Task statement — Reproduce the listing exactly, with no pictures in your copy.

Supplied data —

━━━━━━

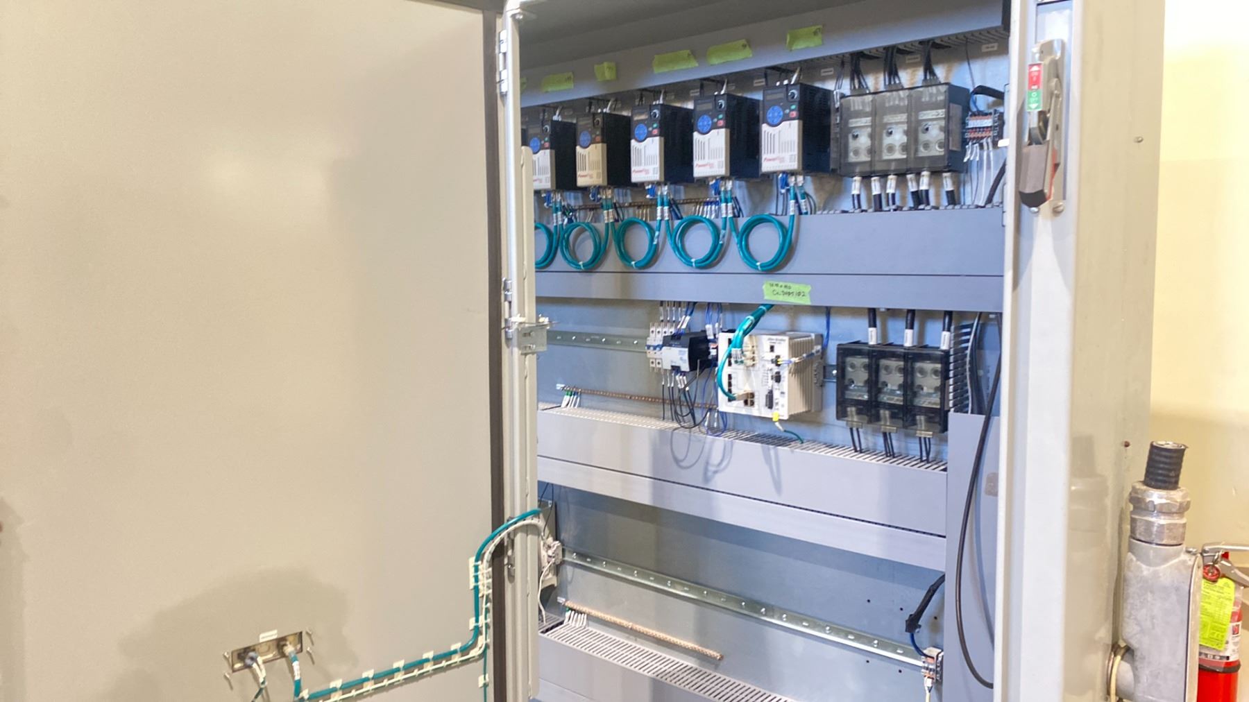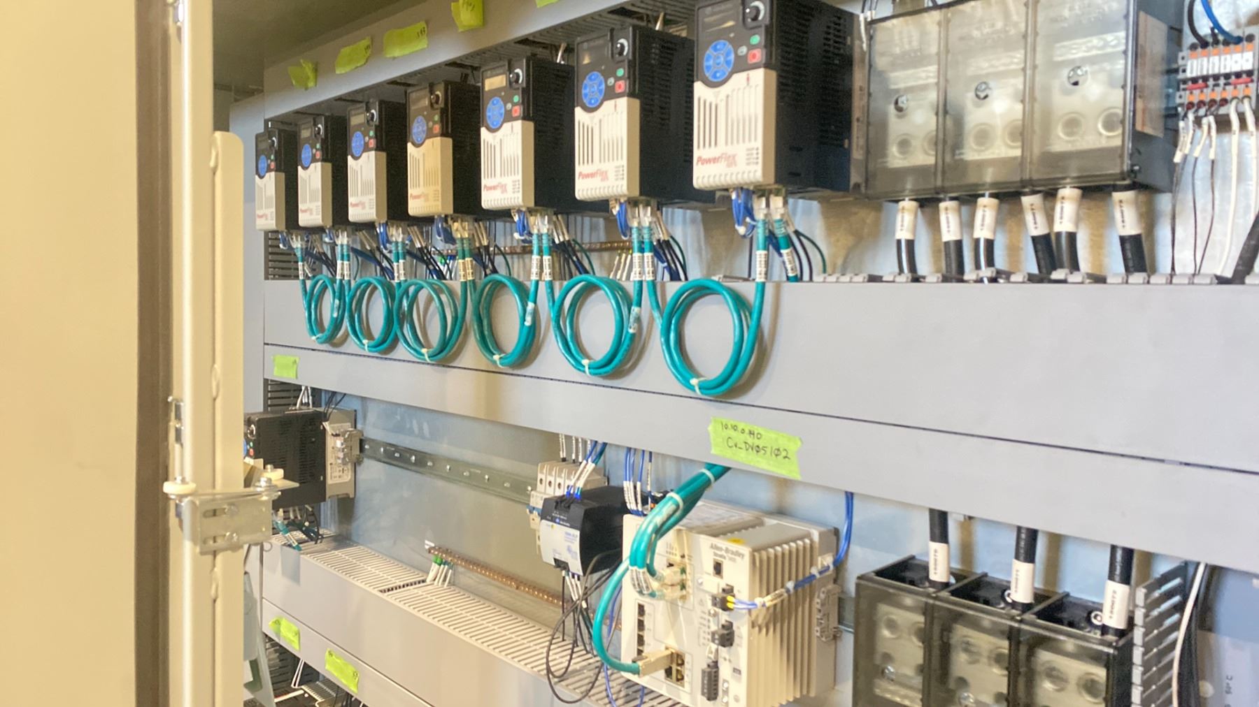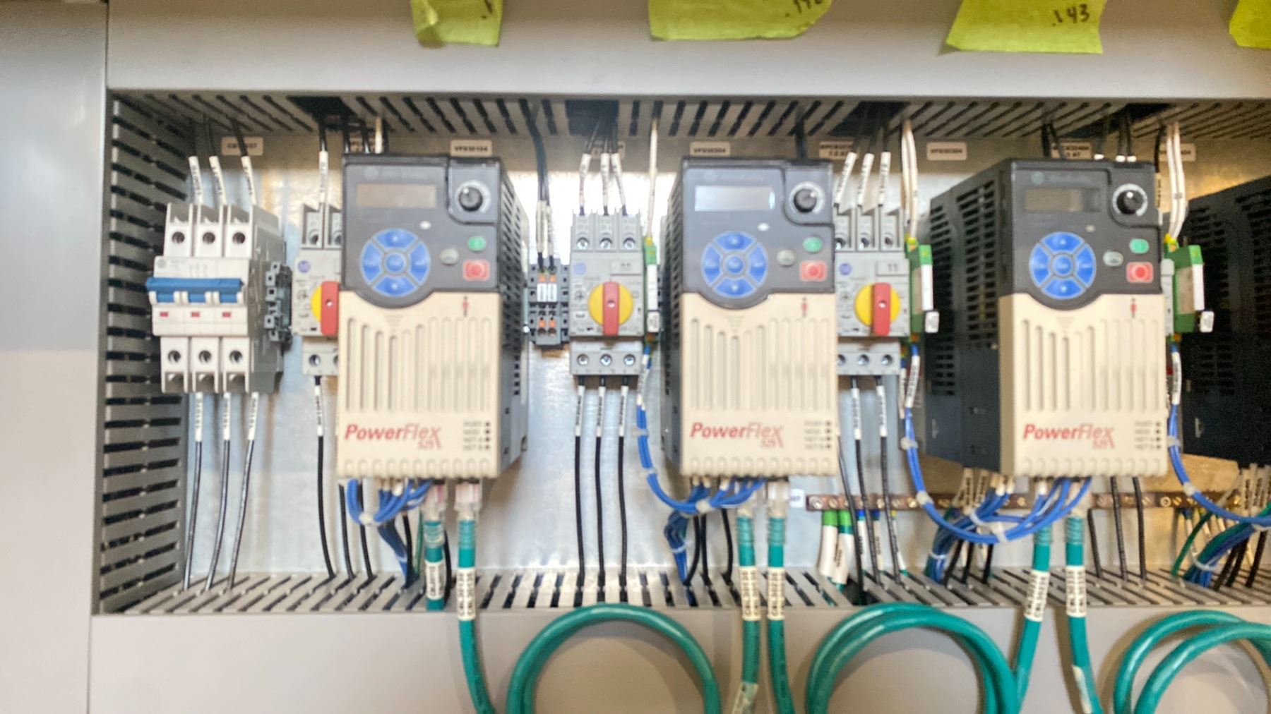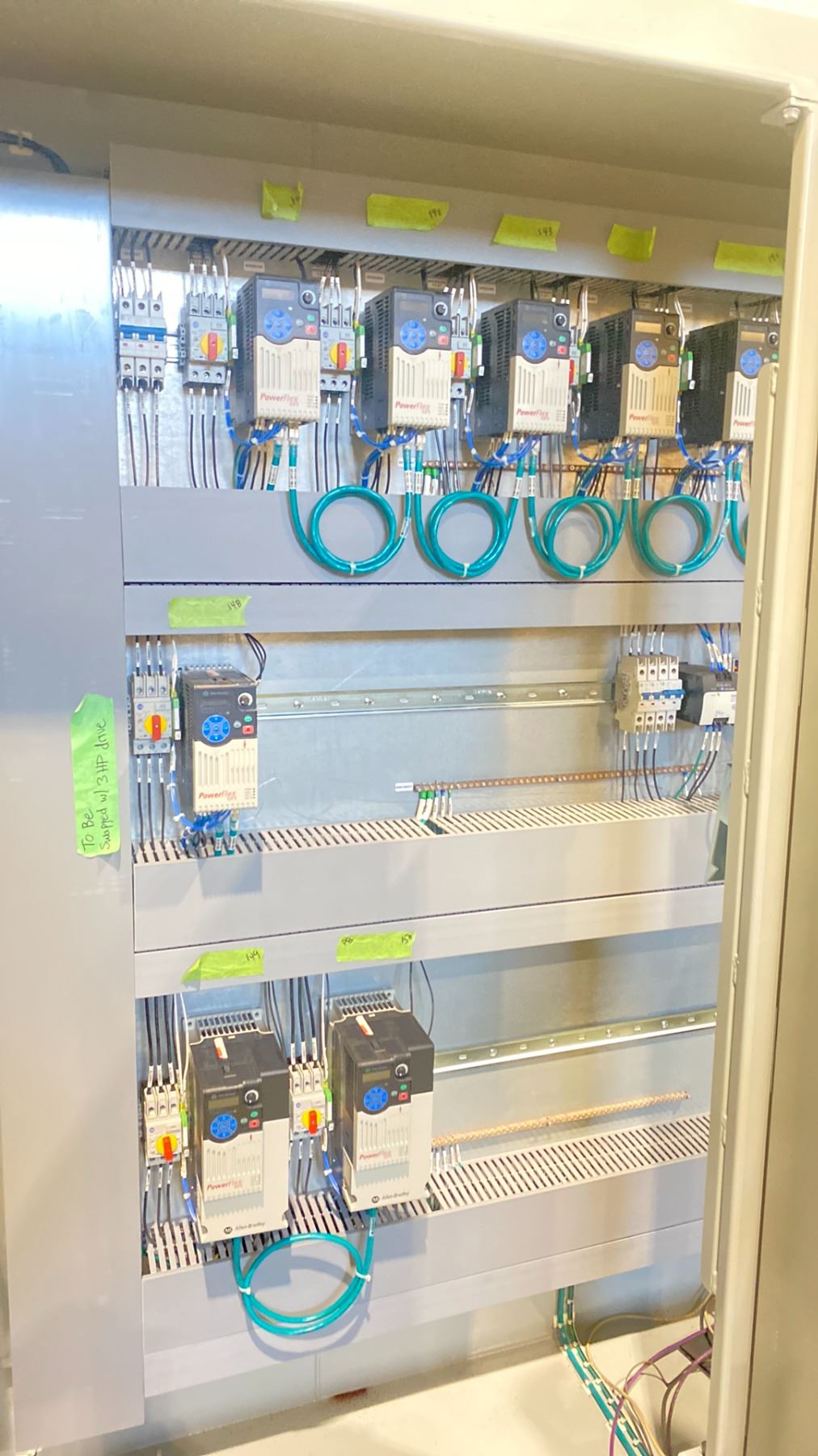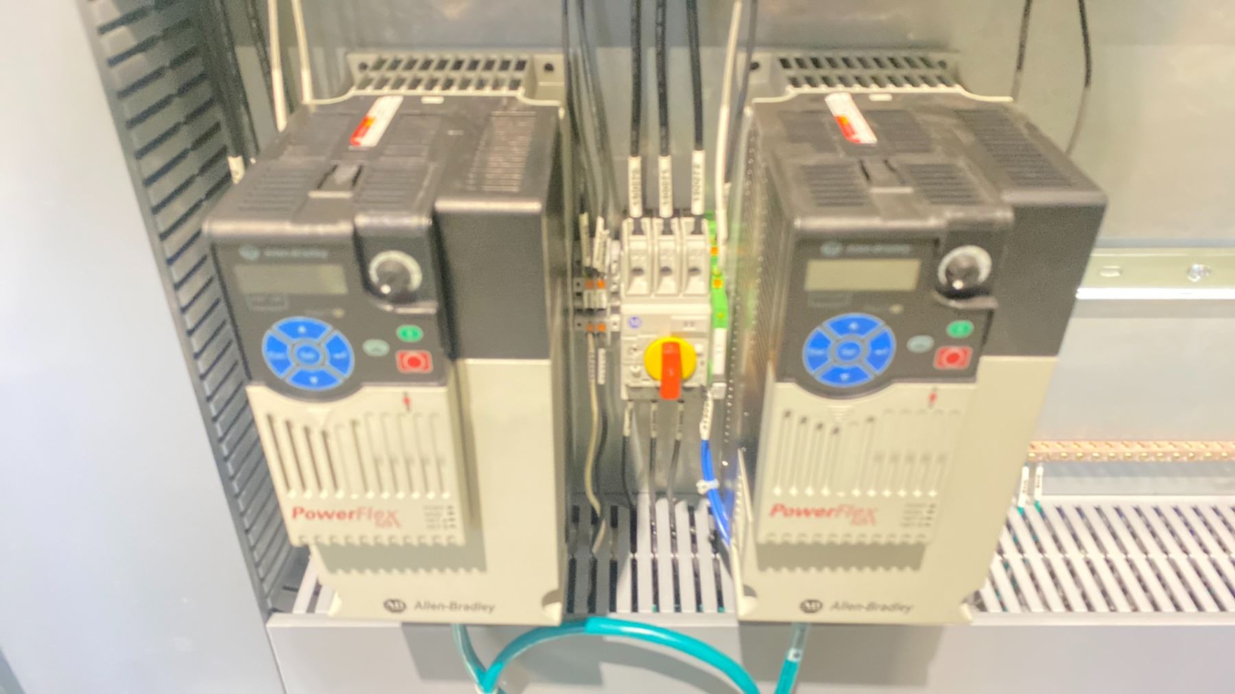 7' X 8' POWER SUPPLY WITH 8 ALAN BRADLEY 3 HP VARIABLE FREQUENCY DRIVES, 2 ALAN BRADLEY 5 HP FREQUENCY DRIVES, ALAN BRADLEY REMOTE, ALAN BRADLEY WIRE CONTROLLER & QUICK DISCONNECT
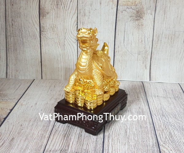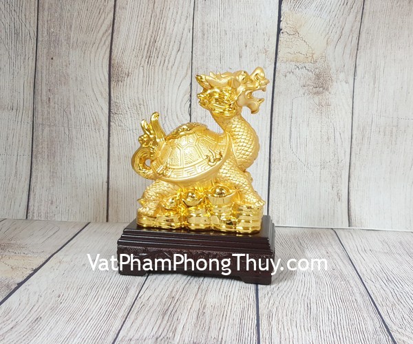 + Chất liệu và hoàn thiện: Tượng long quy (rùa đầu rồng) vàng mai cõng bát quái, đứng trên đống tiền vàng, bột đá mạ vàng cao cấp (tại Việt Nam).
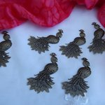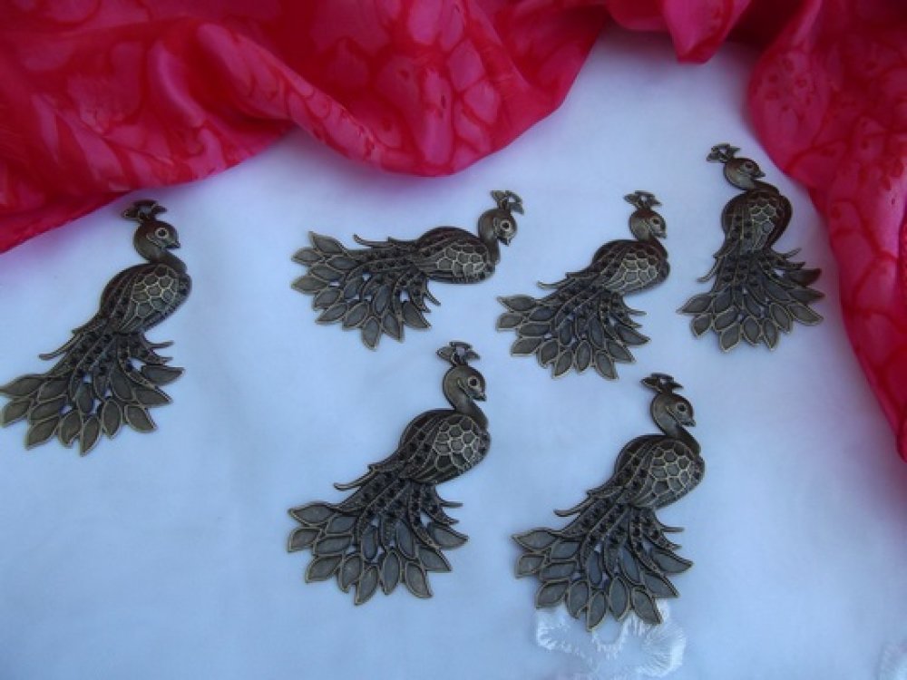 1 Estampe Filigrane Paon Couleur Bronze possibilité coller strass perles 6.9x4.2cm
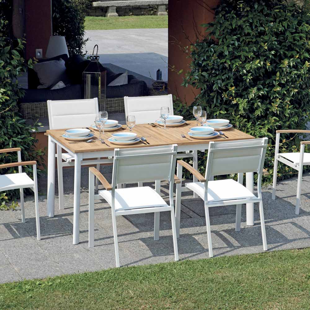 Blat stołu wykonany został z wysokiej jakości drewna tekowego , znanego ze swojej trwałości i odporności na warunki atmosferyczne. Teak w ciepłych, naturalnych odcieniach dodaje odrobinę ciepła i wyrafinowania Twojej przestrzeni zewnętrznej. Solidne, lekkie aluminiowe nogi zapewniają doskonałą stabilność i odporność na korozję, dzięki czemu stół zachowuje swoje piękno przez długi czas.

━━━━━━

Answer box —
 7' X 8' POWER SUPPLY WITH 8 ALAN BRADLEY 3 HP VARIABLE FREQUENCY DRIVES, 2 ALAN BRADLEY 5 HP FREQUENCY DRIVES, ALAN BRADLEY REMOTE, ALAN BRADLEY WIRE CONTROLLER & QUICK DISCONNECT
 + Chất liệu và hoàn thiện: Tượng long quy (rùa đầu rồng) vàng mai cõng bát quái, đứng trên đống tiền vàng, bột đá mạ vàng cao cấp (tại Việt Nam).
 1 Estampe Filigrane Paon Couleur Bronze possibilité coller strass perles 6.9x4.2cm
 Blat stołu wykonany został z wysokiej jakości drewna tekowego , znanego ze swojej trwałości i odporności na warunki atmosferyczne. Teak w ciepłych, naturalnych odcieniach dodaje odrobinę ciepła i wyrafinowania Twojej przestrzeni zewnętrznej. Solidne, lekkie aluminiowe nogi zapewniają doskonałą stabilność i odporność na korozję, dzięki czemu stół zachowuje swoje piękno przez długi czas.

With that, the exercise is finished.